Si alguno ha causado aflicción, sepa que no me ha afligido sólo a mí, sino en
cierto modo -para no exagerar- a todos vosotros. Sea bastante para este tal el
castigo que le ha infligido la mayoría, tanto, que ahora debéis hacer lo
contrario, perdonarlo y darle ánimos, no sea que el excesivo pesar lo agobie.

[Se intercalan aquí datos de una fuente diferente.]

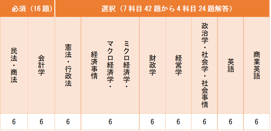 憲法、民法、経済学、会計学、社会学の中から1科目選択して解答します。
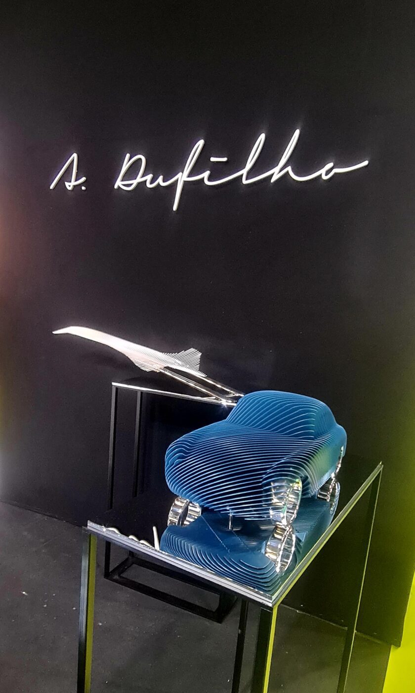 Antoine Dufilho est autodidacte, il expérimente différentes techniques telles que le moulage et la soudure pour bâtir progressivement l’esthétique de son art au- tour de cet ADN qui le caractérise ; il commence à s’y consacrer pleinement en 2012. Son travail consiste à exposer une alternance de plein et de vide, matérialisant un squelette, décomposant les formes en strates successives. Un mouvement est créé par cette représentation séquencée. C’est donc une vision cinétique d’un objet statique que nous offre l’artiste, notamment grâce à la déambulation de son observateur, qui permet une interprétation différente en fonction de son point d’observation. L’effet dynamique est accentué par une alternance de symétries et d’asymétries, provoquant un effet d’accélération ou de décélération. (Présentation du site de l’artiste)
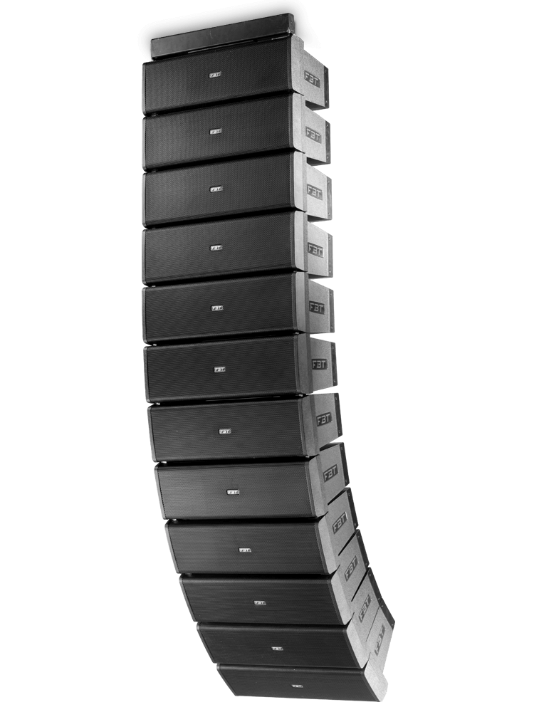 - Ideal para aplicações de pequeno e médio porte, desde uma simples montagem em poste com cobertura de 100° H x 10° V, até montagens em Linha (Line Array) com múltiplos gabinetes
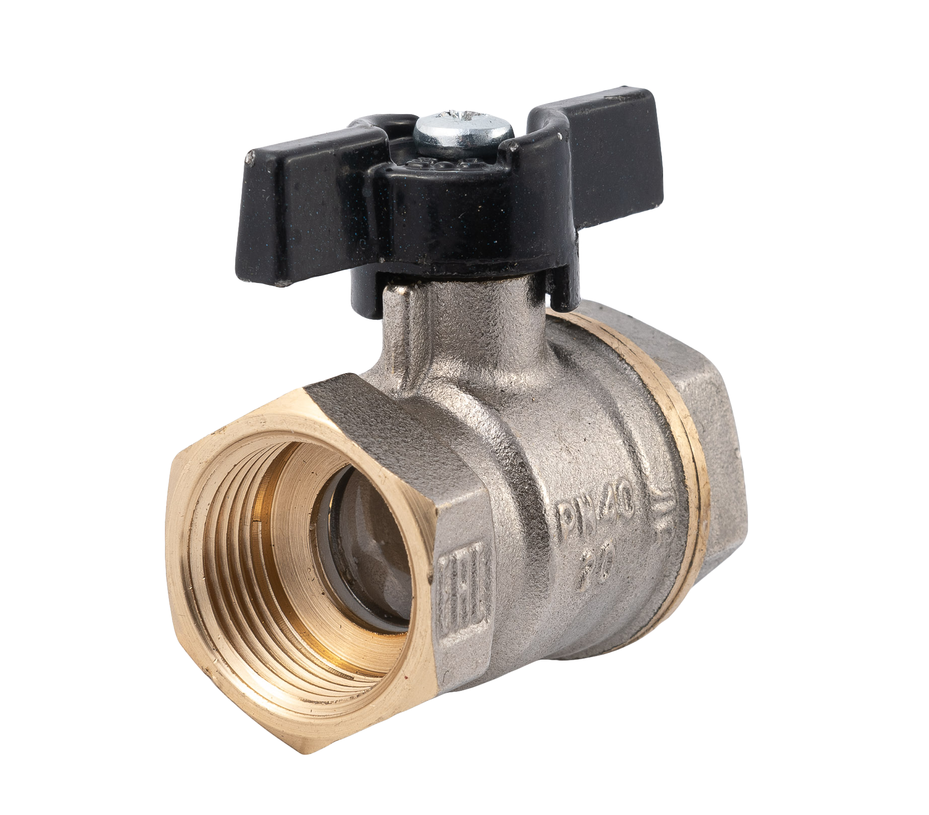 Кран шаровый муфтовый двусоставной латунный никелированный (2PC), DN20 (3/4"), PN40, ручка-бабочка относится к категории запорной арматуры, предназначенной для полного перекрытия потока среды в трубопроводе. В качестве запорного элемента используется шар, который гарантирует быстрое и надежное перекрытие потока, а также обладает минимальным гидравлическим сопротивлением в открытом положении.
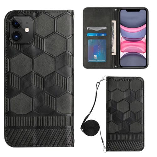 Funda para iPhone 11 Crossbody Football Texture Magnética PU Phone Case (Negro)
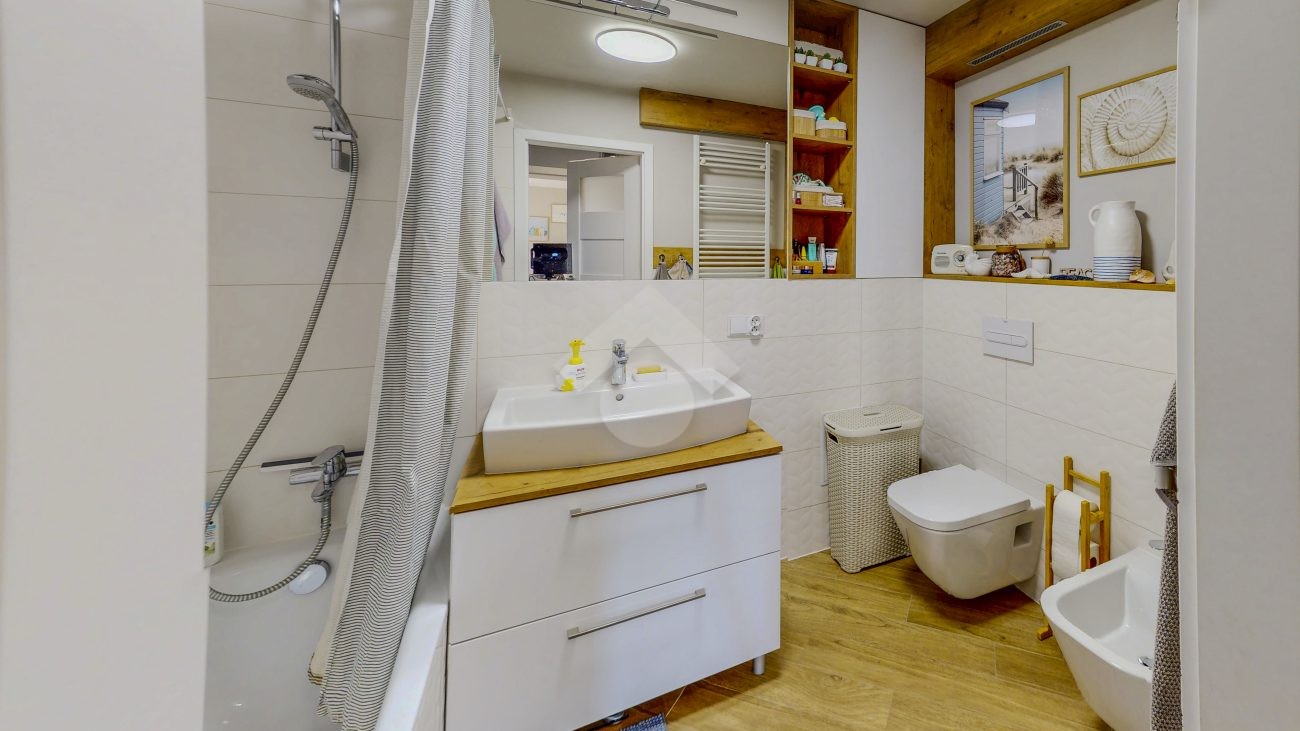 Dodatkowo do mieszkania przynależy duża piwnica (6,57 m2) oraz właściciele mają indywidualny dostęp do części strychu znajdującego się nad mieszkaniem.
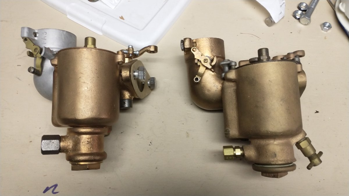 I have 2 WS carbs and I am thinking of putting one on my speedster. The one on the left was sold to me by Uncle Stan. I do not remember who sold me the one on the right. I have switched the air intakes, but they are basically the same. I found an article that states I should open the idle adjustment about 1 1/4 turns and the high speed 4-5 turns.
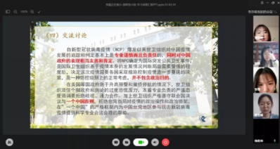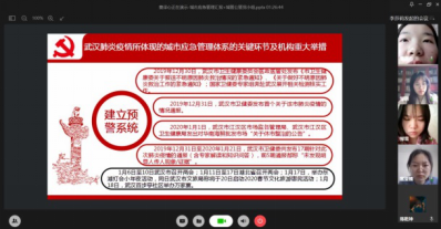 在党小组汇报环节,3个党小组结合公共管理专业特色,同时也进一步深入学习贯彻党的十九届四中全会精神,思考疫情中的“国家治理体系和治理能力现代化”。
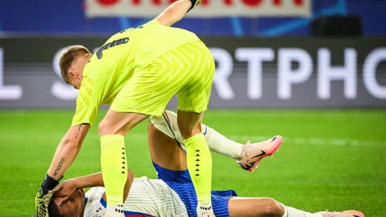 Foto tras un golpe de cabeza entre Vinicius Jr. y Robin Le Normand
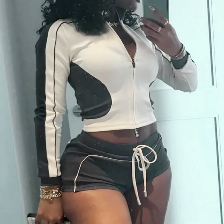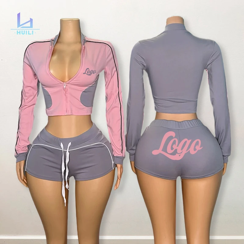 Huili Custom Logo High Quality Zipper Slimming Sheapewear Women's Yoga Fitness Knitted High Stretch Sports Shorts Set Activewear
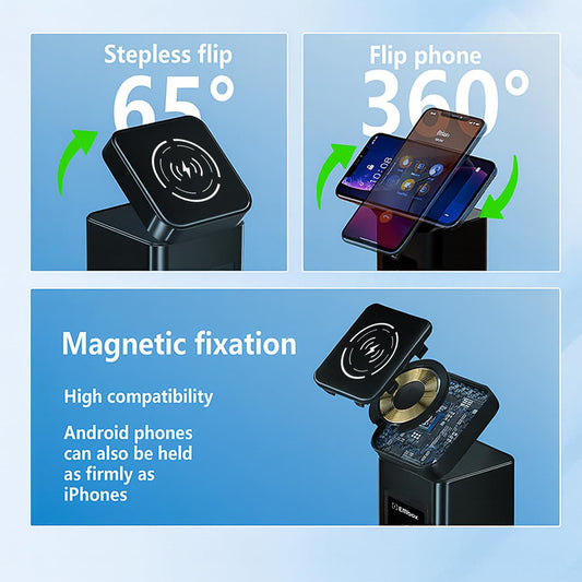 Increase quantity for Embox 7-in-1 Gan Charger 65W Fast Charger | Type C USB 2 AC Sockets (2500W) Wireless Fast Charging | Multi-Port Desktop Charger for Laptop, iPhone, Android, Portable Charging Station

Por esto os ruego que os determinéis a usar de caridad para con él. Y con este
mismo fin os escribí: para conocer y probar si sois obedientes en todo. A aquel
a quien vosotros perdonéis también perdono yo. Lo que yo he perdonado -si es
que realmente tuve algo que perdonar- lo he hecho por amor a vosotros en
presencia de Cristo. Así no seremos víctimas de los ardides de Satanás, pues no
ignoramos sus propósitos.
RESPONSORIO 2Co 1, 21-22;
Dt 5, 2. 4
R. Dios es quien nos confirma en Cristo;
él nos ha ungido, él nos ha sellado, * y ha puesto en nuestros corazones, como
prenda suya, el Espíritu.
V. El Señor nuestro Dios ha hecho
alianza con nosotros, cara a cara nos ha hablado.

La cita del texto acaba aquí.